Hungary will move its embassy in Israel to Jerusalem next month, Israeli media has reported, in a break with international consensus on the status of the contested city.
Israel's Foreign Minister Eli Cohen and his Hungarian counterpart Peter Szijjarto agreed on the move last week, Zman Yisrael said.
The move will happen next month and will be done as a "special gesture" by right-wing Hungarian premier Victor Orban to his long-time international ally Prime Minister Benjamin Netanyahu, sources told the newspaper.
Hungary has said there has been no decision on the move yet but the country has already moved its trade mission to West Jerusalem.
Czechia has also opened a diplomatic mission in Jerusalem.
If Budapest proceeds with the reported plans it would be the first EU country to base its embassy in Jerusalem, which most of the world has refused to do until a permanent peace deal between Israelis and Palestinians is agreed.

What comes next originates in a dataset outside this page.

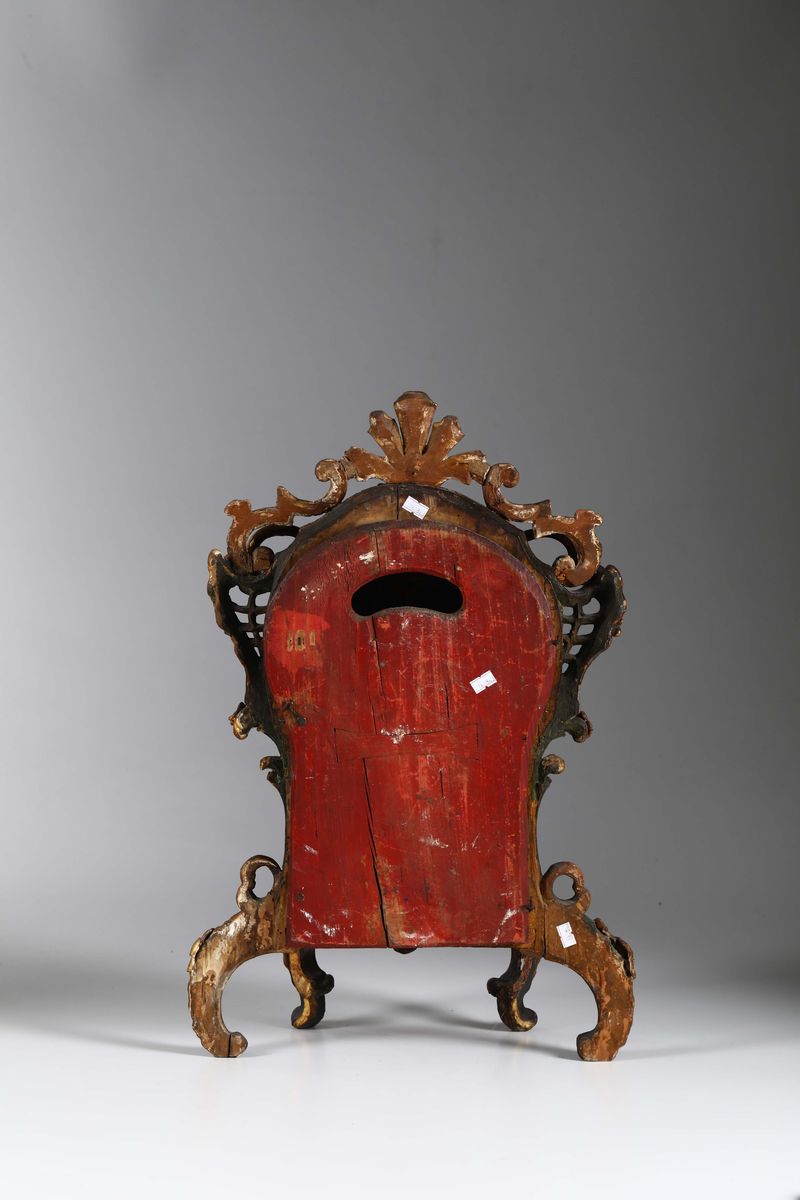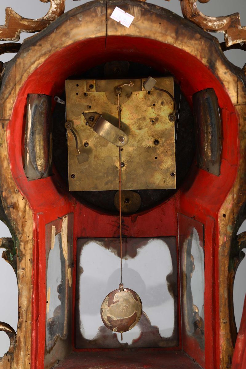 Cassa sagomata in legno intagliato, dipinto e dorato a decori di volute ed elementi floreali. Quadrante in smalto bianco a numerazione romana per le ore e araba per i minuti.Meccanica non pertinente con scappamento ad ancora e suoneria a ore e quarti. Cm 40x15x60

Orban made the decision to bolster Nehanyahu's position, following huge criticism both home and abroad over his far-right Israeli government's controversial plans for an overhaul of the judiciary, slammed as an attack on democracy by his critics.
Former US President Donald Trump announced in 2018 plans to relocate the American embassy in Israel from Tel Aviv to Jerusalem, sparking outrage in the Arab world.
Most foreign embassies in Israel are based in Tel Aviv, due to the contested status of Jerusalem the east of the occupied city which Palestinians want as the capital of their future state.
Since then other allies of Israel and the US have planned to move their embassies to Jerusalem, including most recently Papua New Guinea.
Israel has illegally occupied East Jerusalem and the West Bank since 1967.